Directions | Nothing should change. Output the data exactly.

Dataset extract |
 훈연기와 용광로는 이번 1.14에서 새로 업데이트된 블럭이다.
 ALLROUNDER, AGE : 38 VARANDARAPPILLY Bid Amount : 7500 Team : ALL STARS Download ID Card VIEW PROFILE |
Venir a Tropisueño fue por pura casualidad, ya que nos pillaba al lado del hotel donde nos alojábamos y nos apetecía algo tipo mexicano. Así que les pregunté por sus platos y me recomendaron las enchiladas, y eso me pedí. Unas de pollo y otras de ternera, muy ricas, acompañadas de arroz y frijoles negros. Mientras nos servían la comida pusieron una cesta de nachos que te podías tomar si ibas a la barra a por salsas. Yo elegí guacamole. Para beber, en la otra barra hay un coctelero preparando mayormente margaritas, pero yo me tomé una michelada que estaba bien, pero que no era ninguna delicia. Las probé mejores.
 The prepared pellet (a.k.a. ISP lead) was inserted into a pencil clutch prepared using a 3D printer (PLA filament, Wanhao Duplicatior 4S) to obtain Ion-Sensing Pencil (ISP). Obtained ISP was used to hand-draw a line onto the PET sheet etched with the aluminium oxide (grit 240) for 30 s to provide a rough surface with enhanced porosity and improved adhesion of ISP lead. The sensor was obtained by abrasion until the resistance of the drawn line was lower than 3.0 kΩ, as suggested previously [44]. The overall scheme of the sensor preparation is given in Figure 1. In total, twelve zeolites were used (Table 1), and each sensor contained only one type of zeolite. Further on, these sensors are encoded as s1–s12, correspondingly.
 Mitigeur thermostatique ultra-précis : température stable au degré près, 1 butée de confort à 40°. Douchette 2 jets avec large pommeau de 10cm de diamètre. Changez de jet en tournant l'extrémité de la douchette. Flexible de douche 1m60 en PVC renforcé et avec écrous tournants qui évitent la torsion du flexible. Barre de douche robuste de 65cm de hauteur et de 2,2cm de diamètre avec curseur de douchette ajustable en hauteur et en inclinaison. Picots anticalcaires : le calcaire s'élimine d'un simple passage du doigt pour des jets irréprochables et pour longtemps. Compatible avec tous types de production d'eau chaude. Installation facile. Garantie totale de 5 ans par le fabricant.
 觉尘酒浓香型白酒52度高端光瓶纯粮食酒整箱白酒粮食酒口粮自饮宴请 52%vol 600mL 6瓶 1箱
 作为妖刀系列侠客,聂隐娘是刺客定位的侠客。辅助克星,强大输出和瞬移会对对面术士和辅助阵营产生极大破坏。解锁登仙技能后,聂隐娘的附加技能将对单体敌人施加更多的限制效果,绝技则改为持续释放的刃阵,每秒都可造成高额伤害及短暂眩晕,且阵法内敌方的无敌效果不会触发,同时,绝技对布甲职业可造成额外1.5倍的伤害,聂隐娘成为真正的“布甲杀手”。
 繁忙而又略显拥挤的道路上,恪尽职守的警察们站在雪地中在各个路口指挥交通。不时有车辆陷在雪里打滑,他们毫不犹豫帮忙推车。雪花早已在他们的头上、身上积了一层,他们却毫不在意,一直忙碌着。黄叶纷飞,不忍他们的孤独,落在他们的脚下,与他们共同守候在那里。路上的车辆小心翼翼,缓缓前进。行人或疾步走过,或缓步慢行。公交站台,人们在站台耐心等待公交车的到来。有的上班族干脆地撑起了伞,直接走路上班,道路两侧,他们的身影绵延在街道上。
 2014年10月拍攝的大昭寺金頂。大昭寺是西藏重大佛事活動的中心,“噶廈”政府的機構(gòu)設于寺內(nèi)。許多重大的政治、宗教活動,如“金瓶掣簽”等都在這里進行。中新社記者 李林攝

Reply to the exercise |
 훈연기와 용광로는 이번 1.14에서 새로 업데이트된 블럭이다.
 ALLROUNDER, AGE : 38 VARANDARAPPILLY Bid Amount : 7500 Team : ALL STARS Download ID Card VIEW PROFILE |
Venir a Tropisueño fue por pura casualidad, ya que nos pillaba al lado del hotel donde nos alojábamos y nos apetecía algo tipo mexicano. Así que les pregunté por sus platos y me recomendaron las enchiladas, y eso me pedí. Unas de pollo y otras de ternera, muy ricas, acompañadas de arroz y frijoles negros. Mientras nos servían la comida pusieron una cesta de nachos que te podías tomar si ibas a la barra a por salsas. Yo elegí guacamole. Para beber, en la otra barra hay un coctelero preparando mayormente margaritas, pero yo me tomé una michelada que estaba bien, pero que no era ninguna delicia. Las probé mejores.
 The prepared pellet (a.k.a. ISP lead) was inserted into a pencil clutch prepared using a 3D printer (PLA filament, Wanhao Duplicatior 4S) to obtain Ion-Sensing Pencil (ISP). Obtained ISP was used to hand-draw a line onto the PET sheet etched with the aluminium oxide (grit 240) for 30 s to provide a rough surface with enhanced porosity and improved adhesion of ISP lead. The sensor was obtained by abrasion until the resistance of the drawn line was lower than 3.0 kΩ, as suggested previously [44]. The overall scheme of the sensor preparation is given in Figure 1. In total, twelve zeolites were used (Table 1), and each sensor contained only one type of zeolite. Further on, these sensors are encoded as s1–s12, correspondingly.
 Mitigeur thermostatique ultra-précis : température stable au degré près, 1 butée de confort à 40°. Douchette 2 jets avec large pommeau de 10cm de diamètre. Changez de jet en tournant l'extrémité de la douchette. Flexible de douche 1m60 en PVC renforcé et avec écrous tournants qui évitent la torsion du flexible. Barre de douche robuste de 65cm de hauteur et de 2,2cm de diamètre avec curseur de douchette ajustable en hauteur et en inclinaison. Picots anticalcaires : le calcaire s'élimine d'un simple passage du doigt pour des jets irréprochables et pour longtemps. Compatible avec tous types de production d'eau chaude. Installation facile. Garantie totale de 5 ans par le fabricant.
 觉尘酒浓香型白酒52度高端光瓶纯粮食酒整箱白酒粮食酒口粮自饮宴请 52%vol 600mL 6瓶 1箱
 作为妖刀系列侠客,聂隐娘是刺客定位的侠客。辅助克星,强大输出和瞬移会对对面术士和辅助阵营产生极大破坏。解锁登仙技能后,聂隐娘的附加技能将对单体敌人施加更多的限制效果,绝技则改为持续释放的刃阵,每秒都可造成高额伤害及短暂眩晕,且阵法内敌方的无敌效果不会触发,同时,绝技对布甲职业可造成额外1.5倍的伤害,聂隐娘成为真正的“布甲杀手”。
 繁忙而又略显拥挤的道路上,恪尽职守的警察们站在雪地中在各个路口指挥交通。不时有车辆陷在雪里打滑,他们毫不犹豫帮忙推车。雪花早已在他们的头上、身上积了一层,他们却毫不在意,一直忙碌着。黄叶纷飞,不忍他们的孤独,落在他们的脚下,与他们共同守候在那里。路上的车辆小心翼翼,缓缓前进。行人或疾步走过,或缓步慢行。公交站台,人们在站台耐心等待公交车的到来。有的上班族干脆地撑起了伞,直接走路上班,道路两侧,他们的身影绵延在街道上。
 2014年10月拍攝的大昭寺金頂。大昭寺是西藏重大佛事活動的中心,“噶廈”政府的機構(gòu)設于寺內(nèi)。許多重大的政治、宗教活動,如“金瓶掣簽”等都在這里進行。中新社記者 李林攝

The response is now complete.